On January 22, 2018, the Supreme Court decided National Association of Manufacturers v. Department of Defense, No. 16-299, in which it held that the federal courts of appeal do not have direct and exclusive jurisdiction under 33 U.S.C. § 1369(b)(1) over an appeal of the Environmental Protection Agency and the Army Corps of Engineers’ enacting a regulation defining “waters of the United States” for purposes of 33 U.S.C. § 1362(7).
The Clean Water Act, 33 U.S.C. § 1251, et seq., establishes a statutory scheme for “restor[ing] and maintain[ing] the chemical, physical, and biological integrity of the Nation’s waters.” Among other things, the Act prohibits the “addition of any pollutant” into “the waters of the United States, including the territorial seas,” “from any point source” without a permit. 33 U.S.C. §§ 1311, 1362(7), (12), (14). The EPA and the Corps administer the permitting programs under 33 U.S.C. § 1342 and § 1344, respectively. The Act provides that certain of the agencies’ actions are directly and exclusively appealable to federal courts of appeal, including those “approving or promulgating any effluent limitation or other limitation under section 1311, 1312, 1316, or 1345” (Effluent Limitations Exception) and “issuing or denying any permit under section 1342 of this title” (Permitting Exception). 33 U. S. C. §1369(b)(1)(E)-(F). The Administrative Procedures Act, 5 U.S.C. § 500, et seq., governs judicial review of any other final agency action under the Act. 33 U.S.C. § 1369(b)(1).
In 2015, the EPA and the Corps jointly promulgated a regulation defining the “waters of the United States” (the Rule). Some of those seeking judicial review of the agencies’ action appealed the action to federal courts of appeal, while others, including the National Association of Manufacturers, challenged the Rule only in a federal district court. A multi-district litigation panel declined to consolidate the district-court petitions but consolidated the appellate petitions and transferred them to the U.S. Court of Appeals for the Sixth Circuit. The Sixth Circuit stayed application of the Rule nationwide. The district courts, meanwhile, reached conflicting decisions on whether they had jurisdiction to review the agencies’ action, with some concluding that they did not and at least one concluding that it did.
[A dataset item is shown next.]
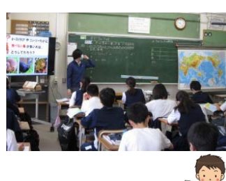
▲2年社会 (6/19 一斉授業)

In addition to pursuing review in a federal district court, the Association intervened as a respondent in the consolidated action before the Sixth Circuit and, with others, moved to dismiss that action for want of jurisdiction. The Government opposed those motions, arguing that the Effluent Limitations and Permitting Exceptions authorized only a federal court of appeals to review the agencies’ action. The Sixth Circuit denied the Association’s motion to dismiss and request for a rehearing en banc. The United States Supreme Court granted certiorari.
The Court first rejected the application of the Effluent Limitations Exception for two reasons. It held that the Rule is not an “effluent limitation,” as defined in 33 U.S.C. § 1362(11), or an “other limitation” because it does not impose any restriction on the “quantities, rates, or concentrations” of a regulated discharge. It further held that the agencies promulgated the Rule under 33 U.S.C. § 1361(A), rather than any of the statutory sections listed in, and available to trigger, the Exception.
The Court also rejected the availability of the Permitting Exception because the Rule does not issue or deny any permit under 33 U.S.C. § 1342.
Finally, the Court rejected the Government’s policy arguments as contrary to the clear text of the Act. It found unpersuasive the Government’s arguments that the bifurcated review scheme is “irrational,” that permitting direct review of the Rule in the federal courts of appeal would promote efficiency and national uniformity, and that a presumption favoring court-of-appeals review of administrative action should apply.
Justice Sotomayor delivered the unanimous opinion of the Court.